Available data:
····················

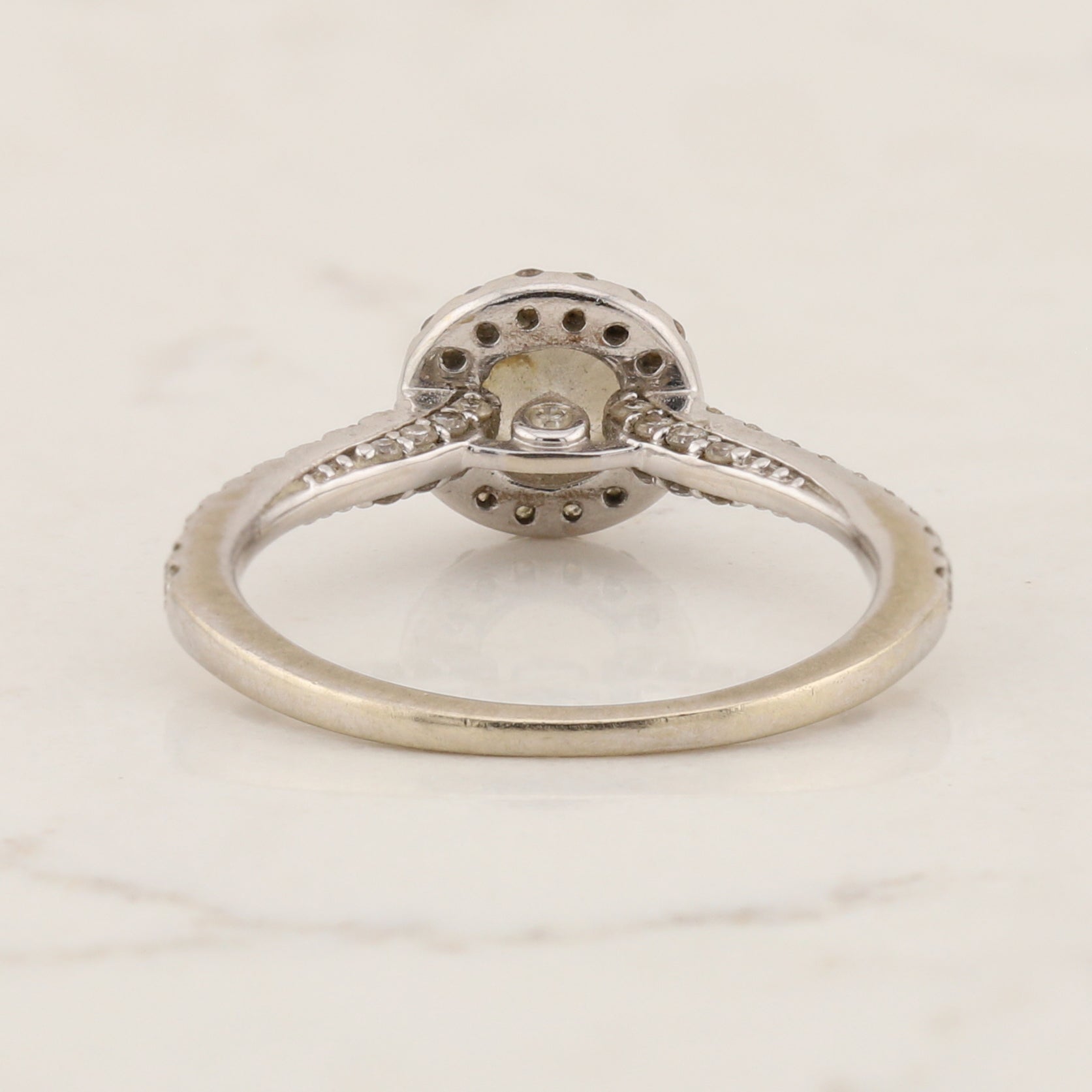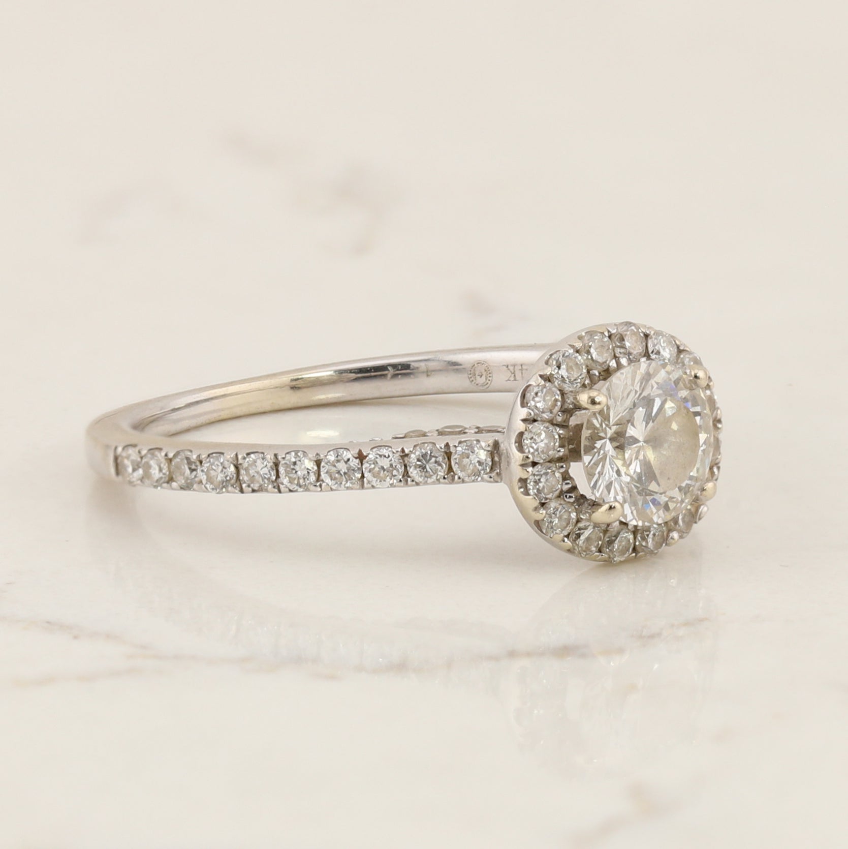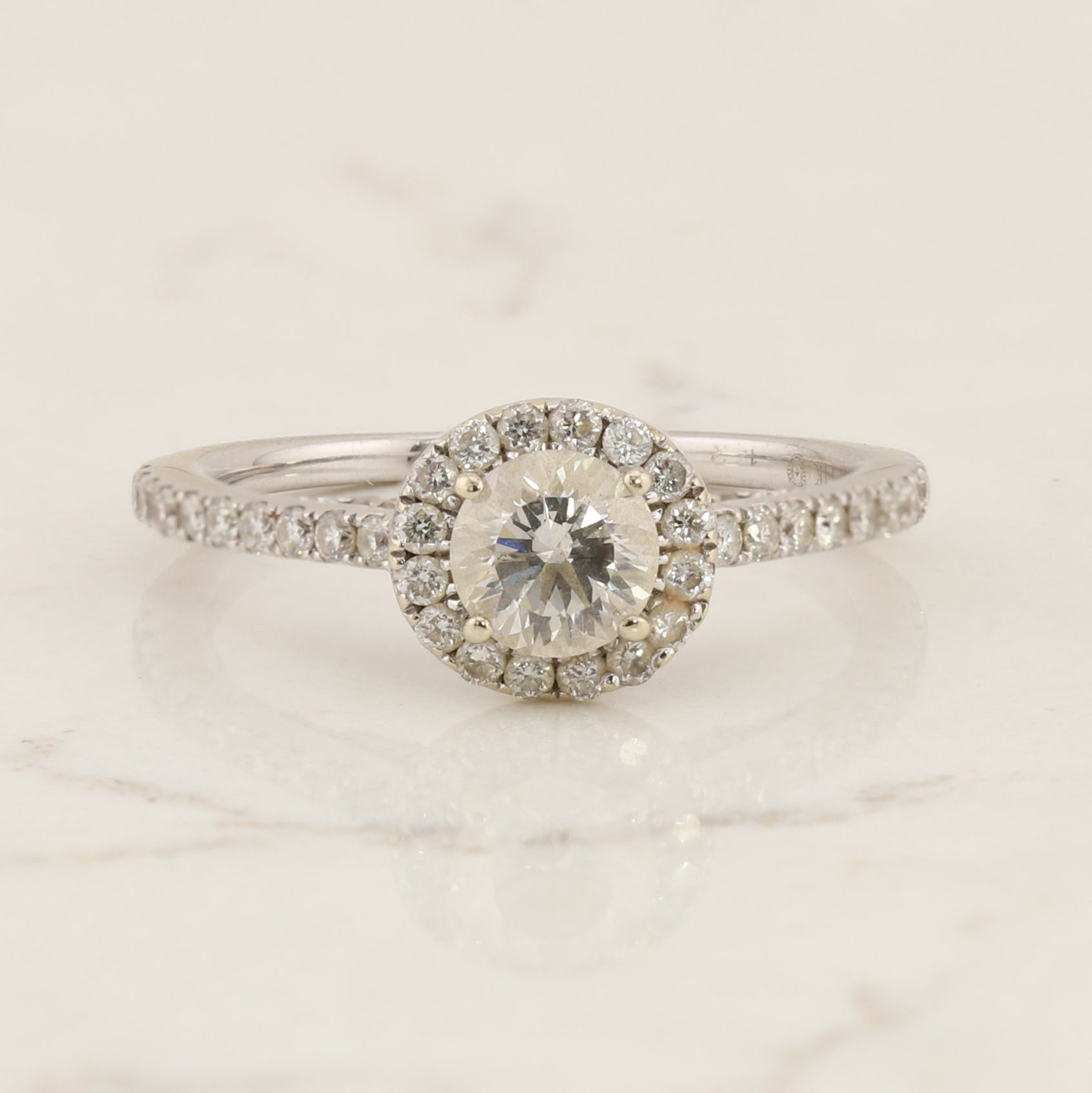This 14kt white gold ring has a 0.50 carat diamond at its centre, surrounded by 0.08ct tdw diamonds in the halo and the shoulders of the ring.
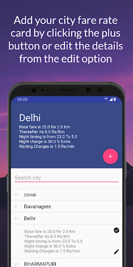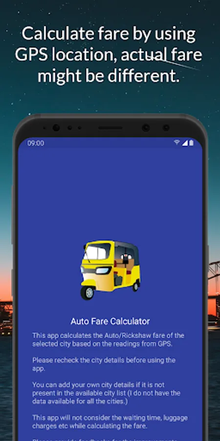 This app will calculate the Auto fare of the selected city based on the readings from GPS.
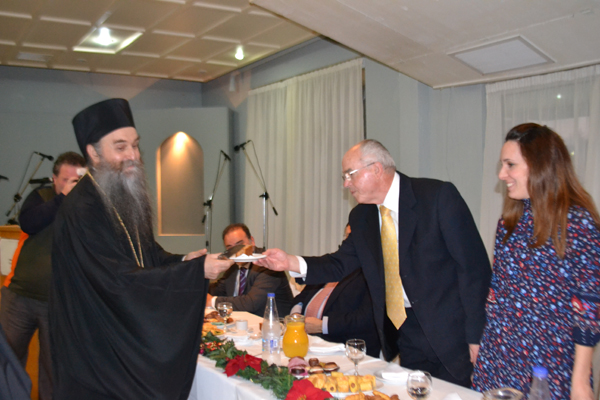 Συγκεκριμένα, τιμήθηκε ο διευθύνων σύμβουλος της Εθνικής Τράπεζας Αλέξανδρος Τουρκολιάς, καθώς με δαπάνες άνω των 200.000 ευρώ χρηματοδοτεί το έργο ανακαίνισης του Μητροπολιτικού Μεγάρου. Ο κ. Χρυσόστομος χαρακτήρισε τον κ. Τουρκολιά ως πρώτο και μεγαλύτερο ευεργέτη. Επίσης τίμησε τους "Γιατρούς του Κόσμου", που από πέρυσι τον Φεβρουάριο έχουν επισκεφθεί πολλά χωριά της μητροπόλεως, με 650 εξετάσεις σε ανήμπορους συνανθρώπους μας. Από την ομάδα των "Γιατρών του Κόσμου" παρόντες ήταν οι Οδυσσέας Καραγκούνης, Γεωργία Γκίγκα και Θωμάς Μπαλκόνης, ενώ τιμήθηκαν και οι μη παρόντες, που δεν μπόρεσαν να παραβρεθούν για διάφορους λόγους, Ευαγγελία Βουλγράκη, Ευμορφία Μαρκοπούλου και ο συντονιστής Θεοκλής Πιέρος. Τέλος τιμήθηκε ο εκπρόσωπος της εταιρείας "ΑΒ Βασιλόπουλος" Ιωάννης Αβδελάς για την προσφορά του ομίλου με διάφορα είδη προς την μητρόπολη.

····················

How to complete this task: Give back the full data exactly as it reads, but drop the pictures.

Finished exercise:
This 14kt white gold ring has a 0.50 carat diamond at its centre, surrounded by 0.08ct tdw diamonds in the halo and the shoulders of the ring.
 This app will calculate the Auto fare of the selected city based on the readings from GPS.
 Συγκεκριμένα, τιμήθηκε ο διευθύνων σύμβουλος της Εθνικής Τράπεζας Αλέξανδρος Τουρκολιάς, καθώς με δαπάνες άνω των 200.000 ευρώ χρηματοδοτεί το έργο ανακαίνισης του Μητροπολιτικού Μεγάρου. Ο κ. Χρυσόστομος χαρακτήρισε τον κ. Τουρκολιά ως πρώτο και μεγαλύτερο ευεργέτη. Επίσης τίμησε τους "Γιατρούς του Κόσμου", που από πέρυσι τον Φεβρουάριο έχουν επισκεφθεί πολλά χωριά της μητροπόλεως, με 650 εξετάσεις σε ανήμπορους συνανθρώπους μας. Από την ομάδα των "Γιατρών του Κόσμου" παρόντες ήταν οι Οδυσσέας Καραγκούνης, Γεωργία Γκίγκα και Θωμάς Μπαλκόνης, ενώ τιμήθηκαν και οι μη παρόντες, που δεν μπόρεσαν να παραβρεθούν για διάφορους λόγους, Ευαγγελία Βουλγράκη, Ευμορφία Μαρκοπούλου και ο συντονιστής Θεοκλής Πιέρος. Τέλος τιμήθηκε ο εκπρόσωπος της εταιρείας "ΑΒ Βασιλόπουλος" Ιωάννης Αβδελάς για την προσφορά του ομίλου με διάφορα είδη προς την μητρόπολη.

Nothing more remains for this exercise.